Center Stage (), also known as Actress and Yuen Ling-yuk, is a 1991 Hong Kong film, directed by Stanley Kwan.

Maggie Cheung won Best Actress award at Berlin International Film Festival in 1992 for her delicate portraiture of silent film star Ruan Lingyu (1910–1935).

Plot summary
The film is based on a true story: the tragic life of China's first prima donna of the silver screen, Ruan Lingyu. This movie chronicles her rise to fame as a movie actress in Shanghai during the 1930s. Nicknamed the "Chinese Garbo," Ruan Lingyu began her acting career when she was 16 and committed suicide at 24.
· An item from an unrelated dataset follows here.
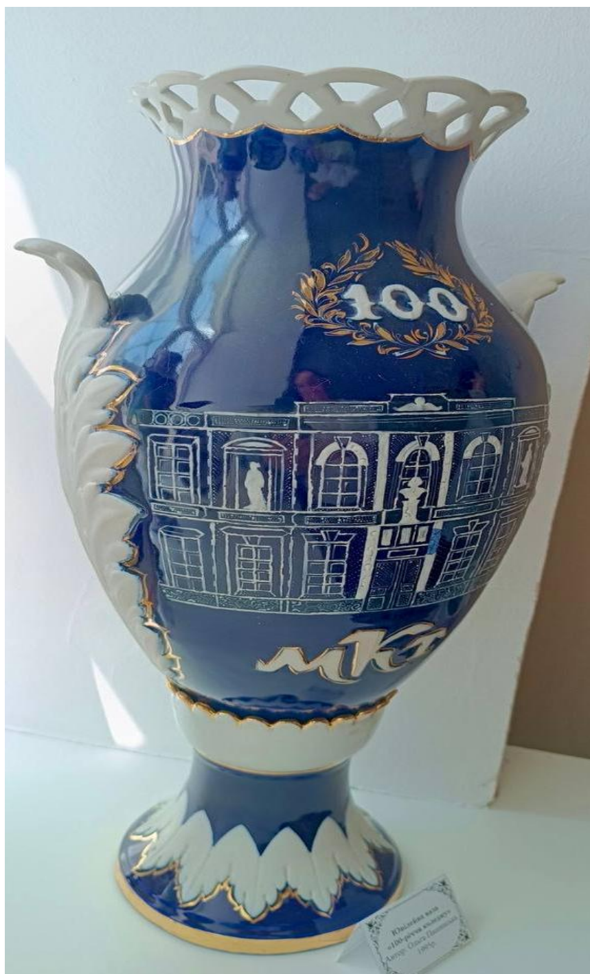
Ювілейна ваза «100-річчя коледжу» Автор: Ольга Пашинська. 1995 р.

The film alternates between present scenes (production talks between director Kwan, Cheung, and co-star Carina Lau, interviews of witnesses who knew Ruan), re-creation scenes with Cheung (as Ruan, acting inside this movie), and extracts from Ruan's original films including her final two films The Goddess (1934) and New Women (1935).

Cast

Maggie Cheung as Ruan Lingyu
Chin Han as Tang Jishan
Lawrence Ng as Zhang Damin
Tony Leung Ka-fai as Cai Chusheng
Carina Lau as Li Lili
Cecilia Yip as Lim Cho Cho
Waise Lee as Lai Man-Wai
Paul Chang Chung as Luo Mingyou
Hsiao Hsiang as He Aying (Ruan's mother)
Maryanna Yip as Lai Cheuk-Cheuk
Yumiko Cheng as Child actress
Fu Chong as Nie Er
Xue Guoping as Jin Yan
Sun Dongguang as Sun Yu
Xiao Rongsheng as Wu Yonggang
Zheng Dali as Zheng Junli
Zhou Jie as Liu Qiong
Huang Daliang as Wu Chengyu
Claude Monges as Mr. Skinner
Carrie Lanese as Mrs. Skinner

Two actors are the sons of their characters: Sun Dongguang is the son of director Sun Yu, and Zheng Dali is the son of actor Zheng Junli.

Music
The theme song "Zangxin" (; "Burying the Heart") was composed by Taiwanese singer-songwriter Johnny Chen and recorded by Taiwanese singer Tracy Huang. It won Best Original Film Song at the 12th Hong Kong Film Awards.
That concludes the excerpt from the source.